Денис из своей клетки увидел отца и мать. И такими несчастными и жалкими, убитыми горем они ему показались, что сердце защемило от муки, а на глаза набежала слеза. Максимов замер, не зная, что делать: смахнуть слезу или нет? Ему не хотелось их показывать — это было бы проявлением совсем не нужной и неуместной сейчас слабости. А жест рукой все поняли бы однозначно. Потому он не сделал вообще ничего, надеясь, что за дальностью расстояния никто ничего не заметит.

Адвокаты о чем переругивались. Спорили они злым шепотом, Денис особо не прислушивался, но все же он ясно различил три слова: «Жидовская морда»! и «Фашист»!

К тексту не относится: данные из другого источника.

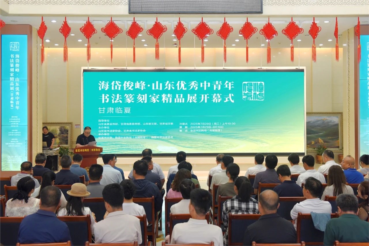 7月29日上午,海岱俊峰·山东优秀中青年书法篆刻家精品展在甘肃省临夏州开幕。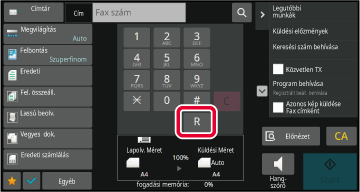 • Az [R] gomb egy érintőgomb által tárolt faxszámba is beszúrható.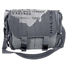 Material: canvas Size: 16"W x 14"H x 4"D Features Black and gray 16 oz heavyweight canvas messenger with UNSC screenprint. Features 2 exterior compartments, snap closure and detail on side pocket. Measures 16"W x 14"H x 4"D; adjustable shoulder strap.

«Ничего себе»! — подумал бывший старлей. — «Вот это уровень дискуссии у адвокатов»!

Адвокаты перестали собачиться, и, надувшись, отвернулись друг от друга.

«Да… Здорово процесс начинается», — мелькнула в голове у Дениса тоскливая мысль. — «Одна надежда на присяжных».

Да, одна надежда на присяжных. Судя по внешнему облику, люди были все простые: пожилые женщины, пожилые мужчины, только три молодых лица. Ни одного кавказца. Один, вроде бы, азиат. Но кто такой — казах, кореец или еще кто — не поймешь.

— Ну что! — обратился Максимов к Моисеенко, Мичману и Татарину. — Не выдержали, сдали всех?

Бойцы промолчали, понурив голову, и только прапорщик попытался объясниться:

— Так ты пойми, Денис, у меня двое детей. Мне обещали по минимуму дать, если подпишу то, что они мне сами подсунули.

Понять-то его Максимов мог, но вот откуда-то из души вскипала злая обида, и не давала промолчать.

— Ну да, я за все отвечаю, мне за все и дадут, — процедил он. — Не надо было признаваться ни в чем. Я не признался.

— Ты не признался? — удивился Моисеенко. — Как так? Мне адвокат сказал, что ты на всех валишь, себя отмазываешь…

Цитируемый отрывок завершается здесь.